Allein vom Berliner Canisius-Kolleg hätten sich bis zu 50 Opfer gemeldet. Darüber hinaus hätten sich Vorfälle in Hamburg, Hannover, Göttingen, Bonn und St. Blasien ereignet. Insgesamt sprach die Rechtsanwältin von zwölf Jesuiten-Patres als Täter. Zudem gebe es neun Beschuldigungen gegen Lehrer an anderen katholischen Schulen, sagte Raue. Unter den mutmaßlichen Tätern seien dabei auch vereinzelt Frauen. Auch ein Hinweis zu einem Missbrauch in der evangelischen Kirche sei ihr zu Ohren gekommen. Die katholische Deutsche Bischofskonferenz wollte am Donnerstag zu dem Bericht keine Erklärung abgeben.
Raue hat nach eigenen Angaben seit Bekanntwerden der ersten Missbrauchsvorwürfe am Berliner Canisius-Kolleg Ende Januar zahlreiche Gespräche mit Missbrauchsopfern aus den 50er bis 80er Jahren geführt. Zudem habe sie in den Akten über die beiden beschuldigten Patres Wolfgang S. und Peter R. recherchiert. Dort habe sie Notizen gefunden, dass die Schulleitung des Canisius-Kollegs spätestens seit Mai 1981 von Übergriffen im Fall Peter R. wusste. Allerdings würden die Vergehen nur am Rande angesprochen. Im Fall des Paters Wolfgang S. habe sich unter anderem ein Schreiben aus dem Jahr 1967 gefunden, in dem er berichtete, dass ihm "mehrfach die Hand ausgerutscht" sei, "auch dort, wo es nicht unbedingt notwendig gewesen wäre".
Die Vorwürfe gegen S. beziehen sich nach Angaben Raues auf körperliche Gewalt. Er soll Schüler, die zum Teil unbekleidet waren, geschlagen haben. Die "sexuell-sadistische Komponente" dieser Bestrafungen sei vielen Opfern damals nicht bewusst gewesen, sagte Raue. Es sei aus den Akten nicht erkennbar, weshalb Wolfgang S., der sich mehreren Therapien unterzog, immer wieder als Lehrer, insbesondere als Sportlehrer eingesetzt wurde, so Raue. "Es kann nur vermutet werden, dass man der Ansicht war, die Therapien würden die Probleme des Wolfgang S. lösen."
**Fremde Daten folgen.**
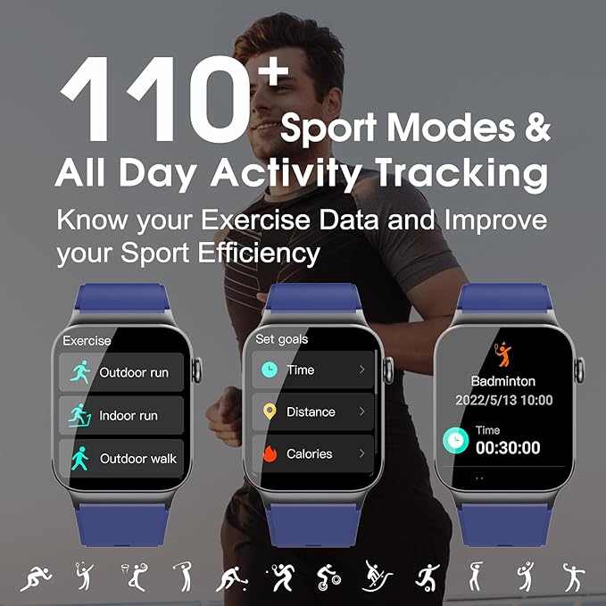 - Perfect Life Partner: The smart watch is not only a timekeeper, but also a caring assistant in your life. Incoming call and message notifications ensure that you will not miss important information. Daily functions such as alarm clock, music, calendar, etc. can be easily controlled by just raising your wrist. The fitness tracker 2-hour fast charge can provide 7 days of battery life and 30 days of standby time without frequent charging.
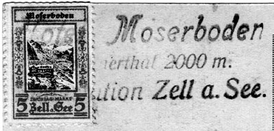 Postcards sold at the hotel also received a 3-line boxed Hotel Cachet in violet or black: HOTEL MOSERBODEN / 2000 Meter / Kaprunerthal but one could bring ones own card and post it, receiving only the Postablage mark. The two cachets are not always in the same colour, further showing that they were applied separately. Oddly, before the Postablage opened the hotel cachet was oval and the hotel's height only 1968 meter - indeed a 1900 example has 1968m on the picture side and 2000m on the cachet. Yes, the Alps are rising, but not that fast!
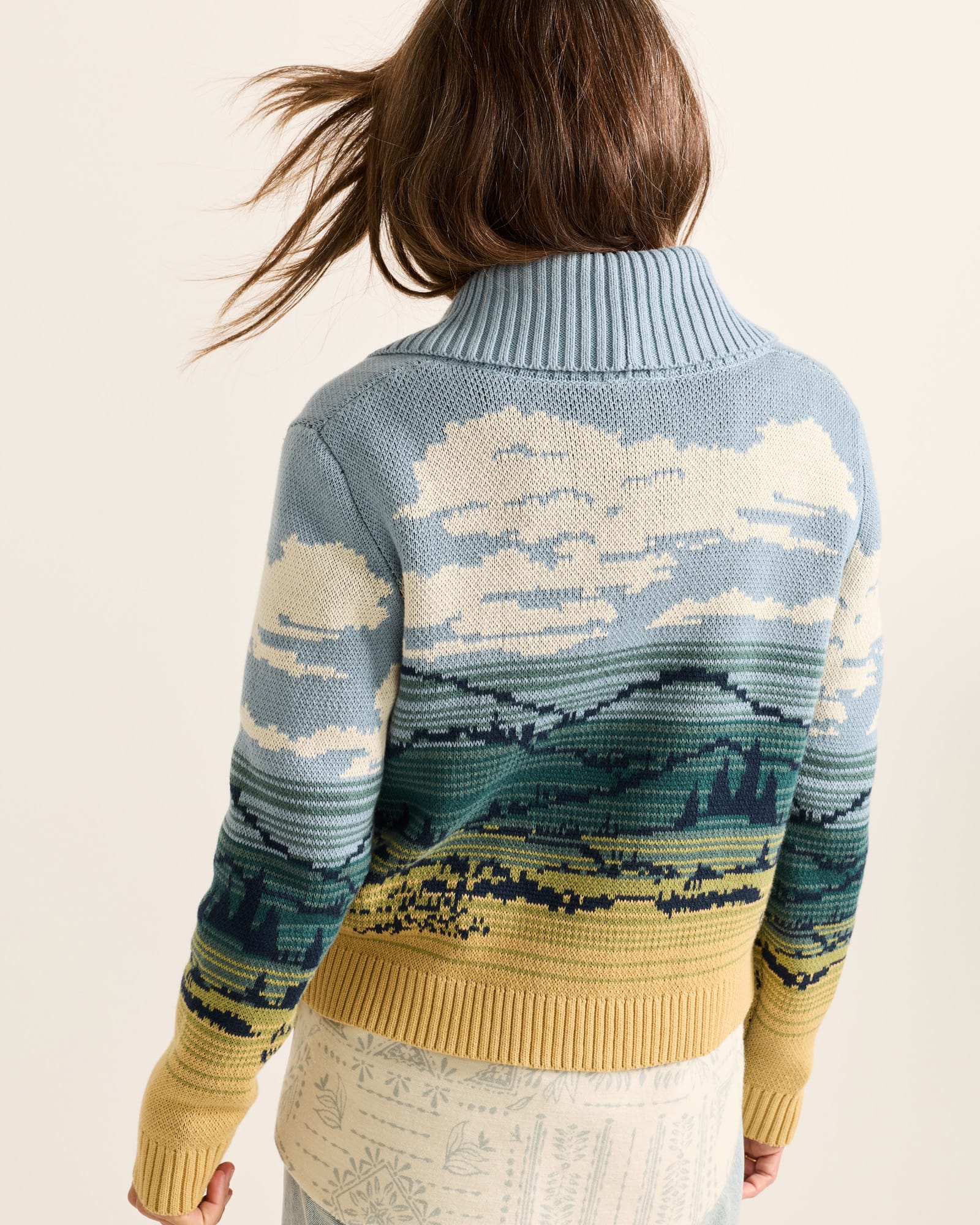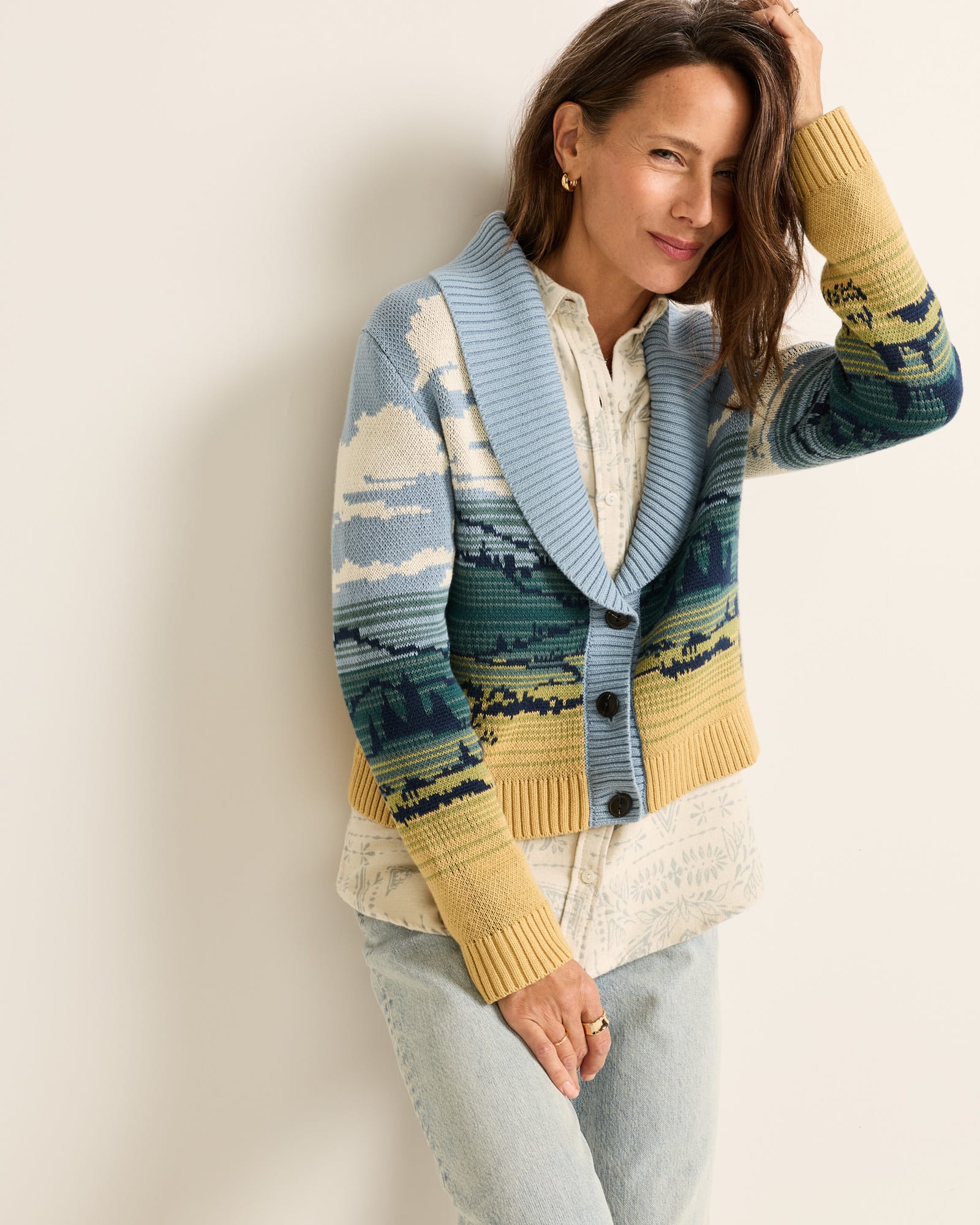 The Big Sky Cardigan brings Western artistry to everyday style with a striking allover scene knit across the body and sleeves. Crafted from cotton, this women's cardigan sweater features a ribbed shawl collar, placket, cuffs, and hem that frame the bold design with structure and comfort. The button-front silhouette makes it easy to wear open or closed, while its shorter length pairs perfectly with high-waisted denim, skirts, or dresses. A versatile cotton cardigan that captures the spirit of the American West while offering breathable comfort for year-round wear.
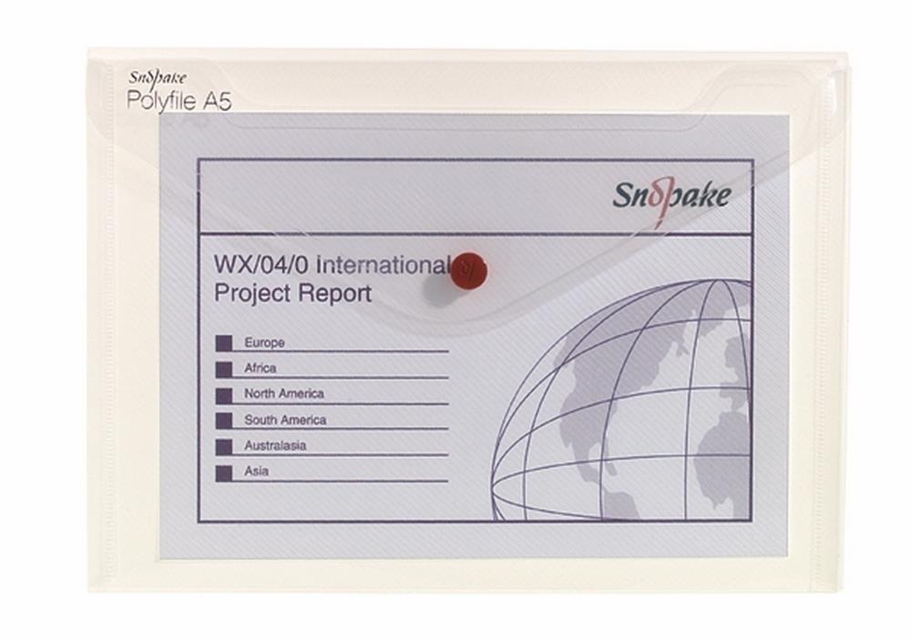 Przeźroczysta teczka kopertowa A5. Bardzo starannie wykonana z polipropylenu. Zamykana na zatrzask.
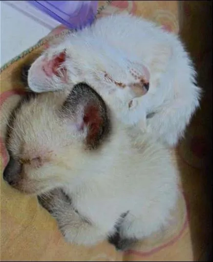 Achei esses gatinhos na rua durante uma chuva muito intensa , gostaria da ajuda para adoção pois estou gestante e não tenho condições médicas para cuidar deles. Acredito que são duas femeas , muito bebes mas carinhosas ja.
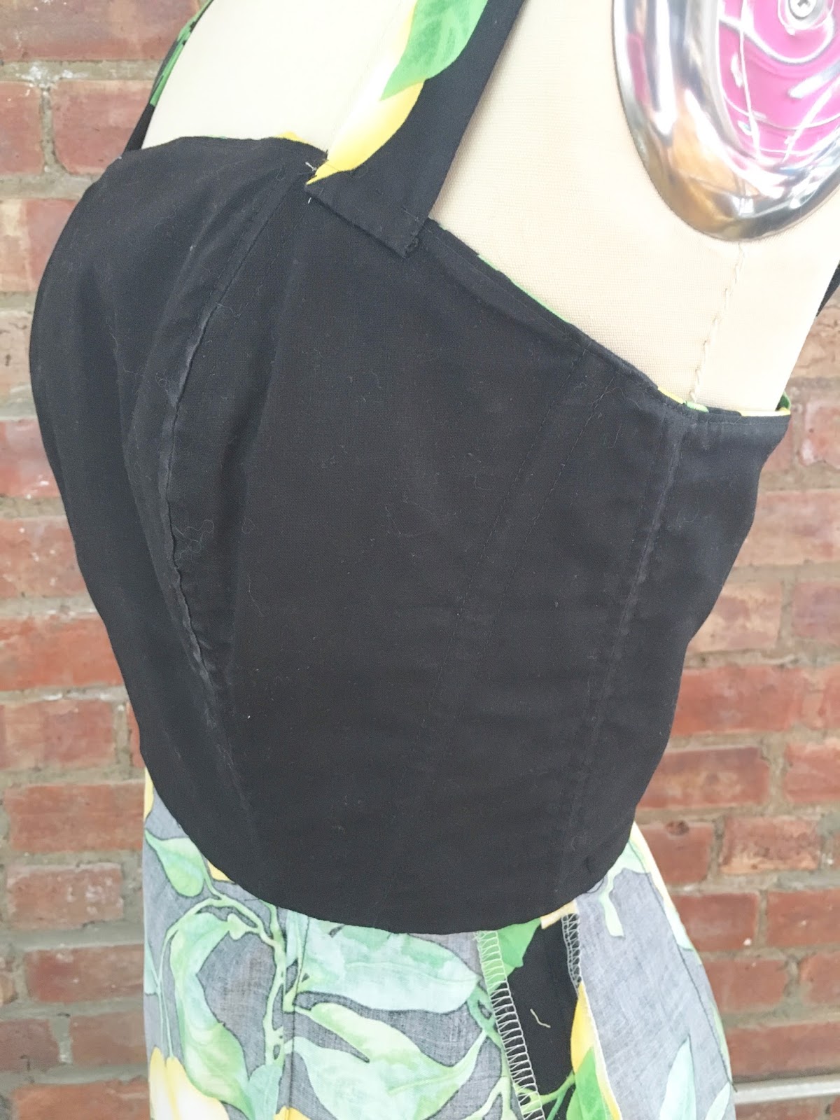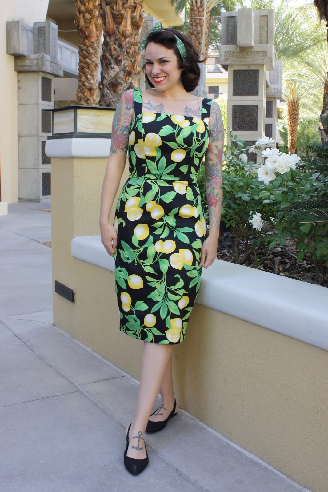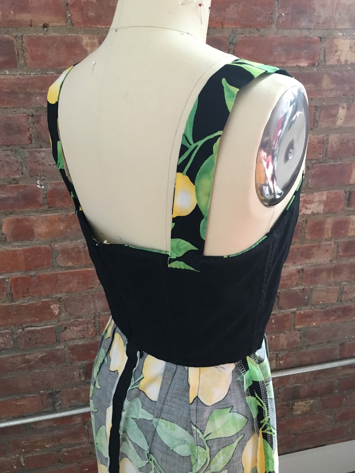 Black Sateen Lemon PrintI decided this print needed a simple, classic dress silhouette, so I decided on a summer sheath dress. The pattern is from Gertie's Ultimate Dress Book. I matched the strapless bodice with the pencil skirt, and made two simple straps to go with it.

An den Jesuitenschulen habe es sich bei den Übergriffen bisher nicht um Fälle schwerer Gewalt oder brutaler Vergewaltigung gehandelt, sondern um "Anfassen, Streicheln oder Selbstbefriedigung". Raue sprach sich für die zügige Aufklärung der Fälle aus. Es sei notwendig, einen Arbeitsstab für die Aufarbeitung der Vorgänge an den einzelnen Schulen und Internaten einzurichten. Es müsse geklärt werden, welche institutionellen Fehler gemacht wurden. Zudem müssten Modelle entwickelt und institutionalisiert werden, mit denen Missbrauch in Zukunft verhindert werden könne. Die Rechtsanwältin forderte daher die Einrichtung von Ombudspersonen als Ansprechpersonen für Schüler.
Erste Missbrauchsvorwürfe waren Ende Januar durch den Leiter des Canisius-Kollegs, Pater Klaus Mertes, bekannt gemacht worden. Mertes hatte sich mit einem Brief an rund 500 frühere Schüler seines Gymnasiums gewandt, nachdem sich bis dahin insgesamt sieben Opfer sexuellen Missbrauchs durch zwei Patres bei ihm gemeldet hatten. Die Vorfälle ereigneten sich den Angaben zufolge in den 70er und 80er Jahren.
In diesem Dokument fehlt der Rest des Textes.